Collected material:
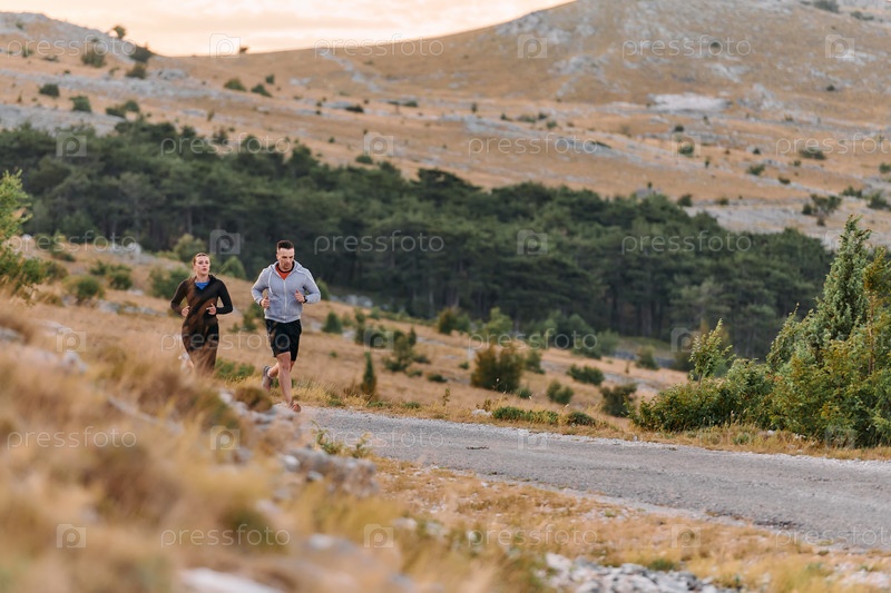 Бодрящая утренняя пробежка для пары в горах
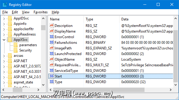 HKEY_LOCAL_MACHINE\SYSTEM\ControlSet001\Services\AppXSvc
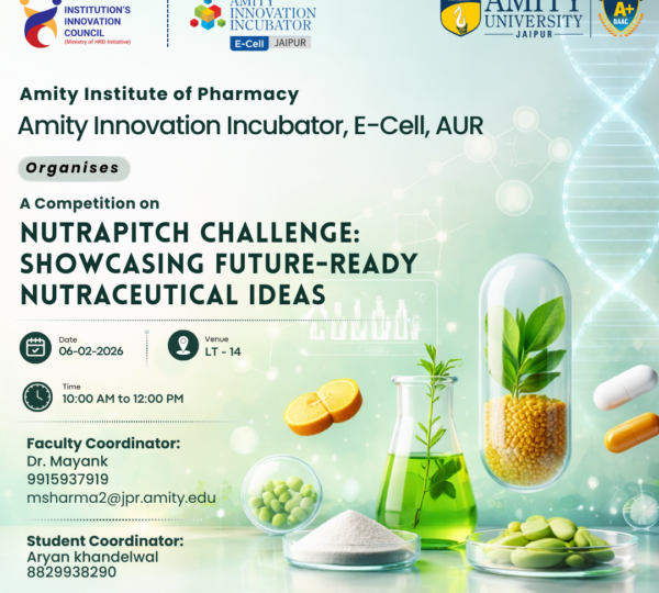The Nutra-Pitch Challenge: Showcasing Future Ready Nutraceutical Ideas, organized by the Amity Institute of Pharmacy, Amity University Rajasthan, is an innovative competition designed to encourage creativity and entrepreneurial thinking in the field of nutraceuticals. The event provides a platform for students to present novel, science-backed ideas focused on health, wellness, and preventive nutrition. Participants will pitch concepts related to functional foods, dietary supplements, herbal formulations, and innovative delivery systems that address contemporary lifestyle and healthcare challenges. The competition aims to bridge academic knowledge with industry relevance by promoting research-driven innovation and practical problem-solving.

About this task:
Your task is to restate word for word the lines from the top of the data to the line containing "HKEY_LOCAL_MACHINE\SYSTEM\ControlSet001\Services\AppXSvc", both ends included, with every picture left out.

Task answer:
 Бодрящая утренняя пробежка для пары в горах
 HKEY_LOCAL_MACHINE\SYSTEM\ControlSet001\Services\AppXSvc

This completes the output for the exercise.